The interdisciplinary field of computational biology, a growing field which Pfenning is a prominent researcher within, applies digital technologies to analyze biological data in ways that would have been impossible even a few years ago. What Pfenning’s team in Pittsburgh and Dr. Michael Yarstev in California did was to apply artificial intelligence technology to analyze – and in some cases predict function across – the genomes of 222 species, including varieties of bats, whales, and primates, who are all capable of being able to imitate complex sounds, discovering that even where their genomes might be radically different, the portions of the genomes which are involved in vocal communication are deployed in similar ways, an example of convergent evolution.

Whales and bats are obviously far apart on the evolutionary tree, and they vocalize for a variety of reasons, be it social cohesion, echolocation, or communication.

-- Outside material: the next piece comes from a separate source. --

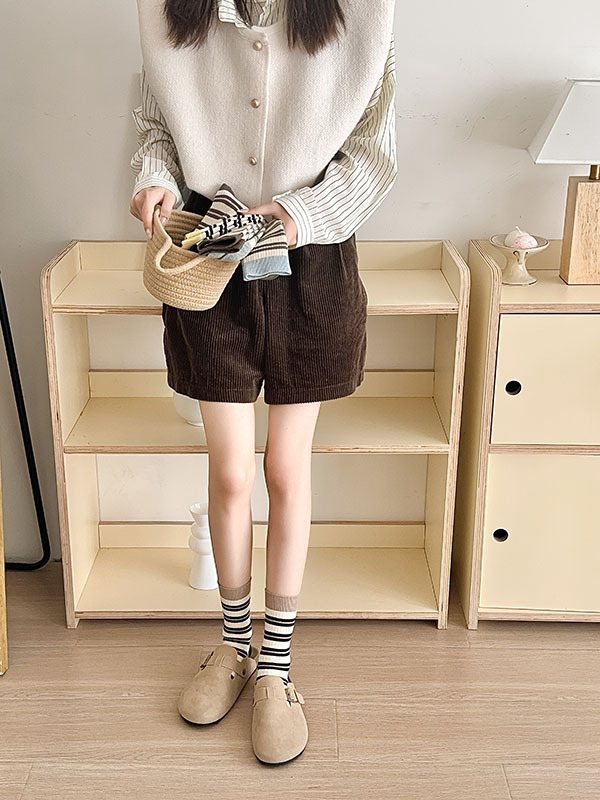 秋冬ins复古棕色撞色条纹袜子女中筒袜韩系拼色水貂绒保暖堆堆袜

But despite these variations in why they make such sounds, the segments of their genome associated with these abilities functions in the same way. There are a variety of implications to this discovery, from being able to eventually fully understand the development of language in human beings to elucidating a variety of conditions related to language acquisition, including autism. For example, Pfenning’s CMU-based tech startup Snail Biosciences is beginning to adapt this research to aid in development of targeted gene therapies. Yet one of the most innovative aspects of the study wasn’t just what the teams uncovered, but how they uncovered it.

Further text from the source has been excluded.